Choca que a una década de los cien años de la muerte de Unamuno aún se vivan con virulencia, dialéctica, ¡afortunadamente!, hechos lamentables e incluso trágicos de nuestra historia reciente. El género documental exige el rigor histórico y no admite las hipótesis de la ficción.

 

Título original:  Palabras para un fin del mundo

Año: 2020

Duración: 93 min.

País: España

Dirección: Manuel Menchón

Guion: Manuel Menchón

Música: Ivan Palomares

Fotografía: Javier Calvo (B&W)

Reparto: Documental, (intervenciones de: José Sacristán, Marián Álvarez, Antonio de la Torre, Víctor Clavijo, Andrés Gertrudix).

 

         Hace mucho tiempo que el género del documental es capaz de congregar grandes audiencias en torno a sus obras, como lo ha demostrado recientemente Michael Moore, entre otros, en su vertiente más popular. Se refugia más en la televisión, soporte para el que parece producto idóneo, pero, como en el caso de La sal de la Tierra, de Wim Wenders,  también exige la pantalla grande. En tiempos de pandemia se ha borrado esa distinción espacial y hoy todo pasa por la televisión de la sala de estar: estrenos de ficción y documentos que pretenden tener rigor histórico pero que no siempre lo consiguen.

         Manuel Menchón ha creado un documental efectista, con imágenes muy potentes, y algunas rara vez vistas, creo, como la de Millán-Astray compartiendo tribuna con  Mussolini o las del *bibliocausto español, a imitación de la pira famosa de la Plaza de la Ópera en Berlín, donde Goebbels protagonizó un auto de fe que tuvo repercusión universal  y que mostraba inequívocamente la senda de la barbarie por la que se adentraba su régimen político nacionalsocialista. La sabia combinación de las imágenes para ilustrar algo que va más allá del caso específico de Unamuno, un montaje con un ritmo sostenido a lo largo de todo el documental, atrapa al espectador en una vívida recreación de lo que significó el «Alzamiento» que Unamuno saludó y alentó en principio como una acción limitada en el tiempo y en el espacio para «salvar» la República de la deriva sovietizante y volver a celebrar elecciones en condiciones de trasparencia y legitimidad. ¡Cómo debió de pesarle al candidato al Nobel que no sucediera así! Revivimos, como ya lo hicimos con la película de Amenábar, los hechos terribles del paraninfo de la universidad, y enseguida el autor nos lleva a la «tesis» del documental: que bien hubiera podido suceder que a Unamuno lo hubiera «asesinado»  el falangista Bartolomé Aragonés, con quien esa tarde de su muerte estuvo Unamuno a solas, y quien, por lo tanto, fue la última persona en ver con vida a don Miguel.

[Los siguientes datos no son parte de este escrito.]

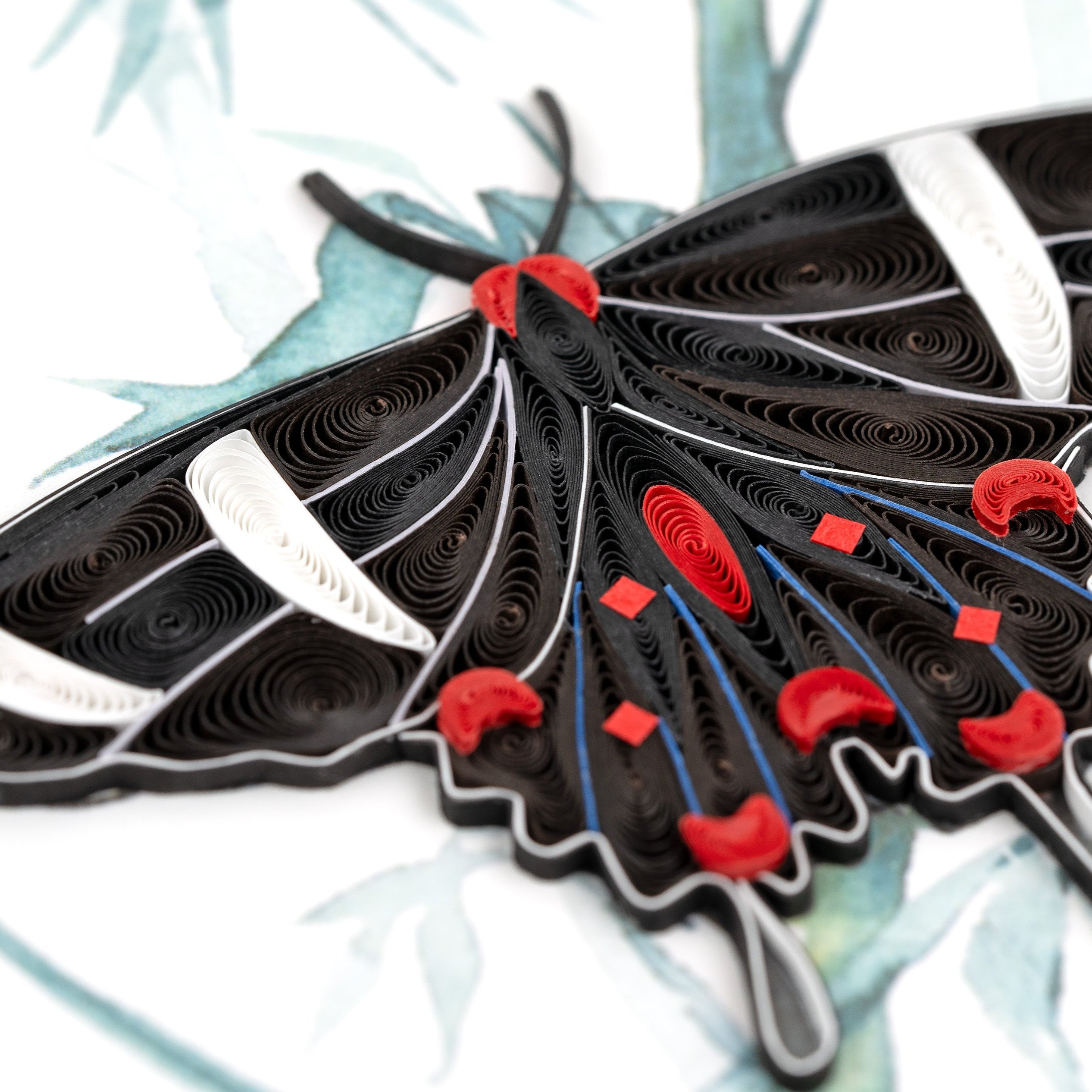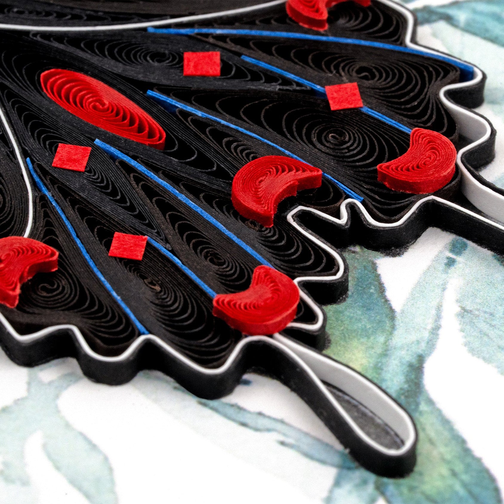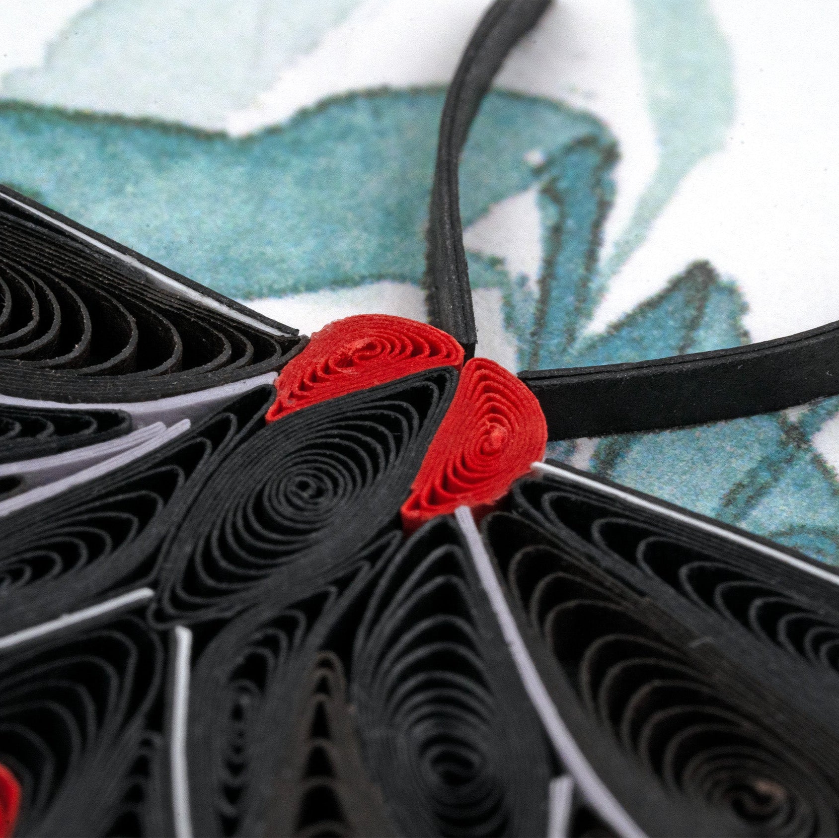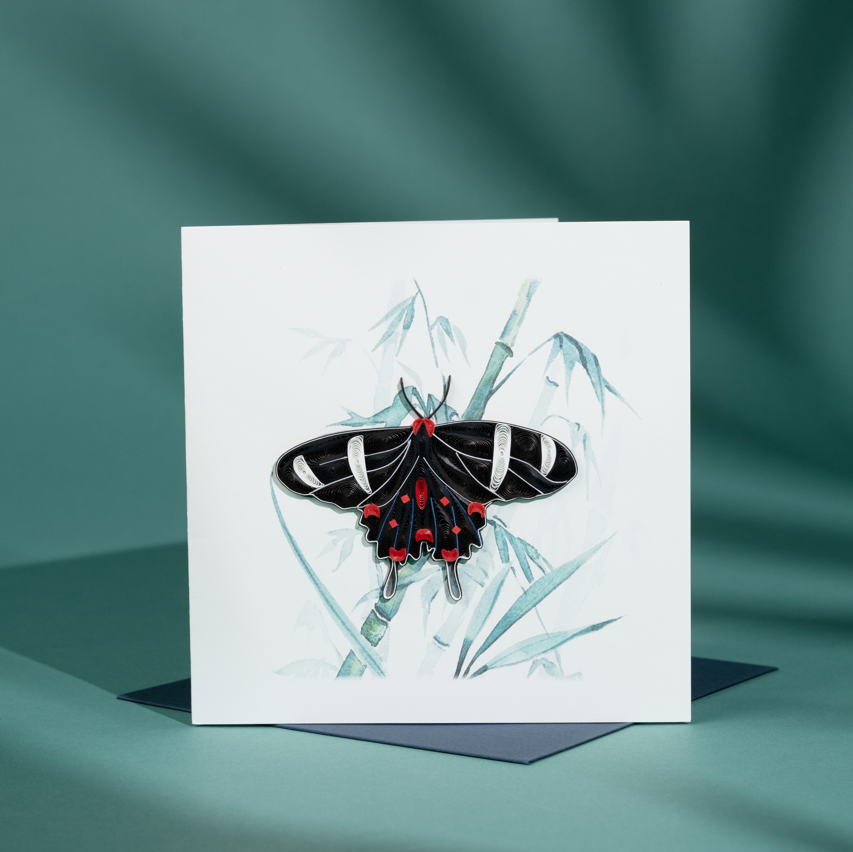 Celebrate the elegance of nature with this quilled greeting card featuring a black butterfly on bamboo. Handcrafted with intricate detail, the striking butterfly and graceful bamboo create a stunning design. Perfect for any occasion, this card adds a touch of natural beauty to your heartfelt messages.

         Escritores hay que han dedicado años de su vida a la investigación de cuanto ocurrió en torno a la figura de Unamuno desde aquel julio del 36 hasta su muerte en la nochevieja de ese mismo año, después de haberse enfrentado al irracionalismo fascista de Millán-Astray en lo que supuso el enfrentamiento entre las luces de la inteligencia y las tinieblas del fanatismo, aunque bien sabía don Miguel que, como ya lo prescribiera Maquiavelo, solo los profetas armados triunfan… No hace mucho vimos la película de Amenábar, con un Unamuno que en modo alguno llegaba empáticamente como tal al menos a este espectador que escribe, ignoro si es sentimiento común con otros, y en ella, paradójicamente, un Millán-Astray, genialmente interpretado por Eduard Fernández, le robaba la película a Unamuno y a Franco, pero tuve la sensación, entonces, de que Millán había sido algo endulzado por la película. En este documental de Menchón, sin embargo, Millán-Astray vuelve a recuperar toda su capacidad transgresora de espécimen siniestro del totalitarismo y he de reconocer que sería la última persona en el mundo con la que uno desearía encontrarse en un callejón sombrío una noche de invierno… Menchón intuye, acertadamente, el filón que significa Astray y le da un protagonismo decisivo en el documental como la antítesis del fruto perfecto de la civilización europea que fue don Miguel de Unamuno y Jugo, un vasco universal de quien, paradójicamente, reniegan ahora los vasquistas nacionalistas de vía muy pero que muy estrecha.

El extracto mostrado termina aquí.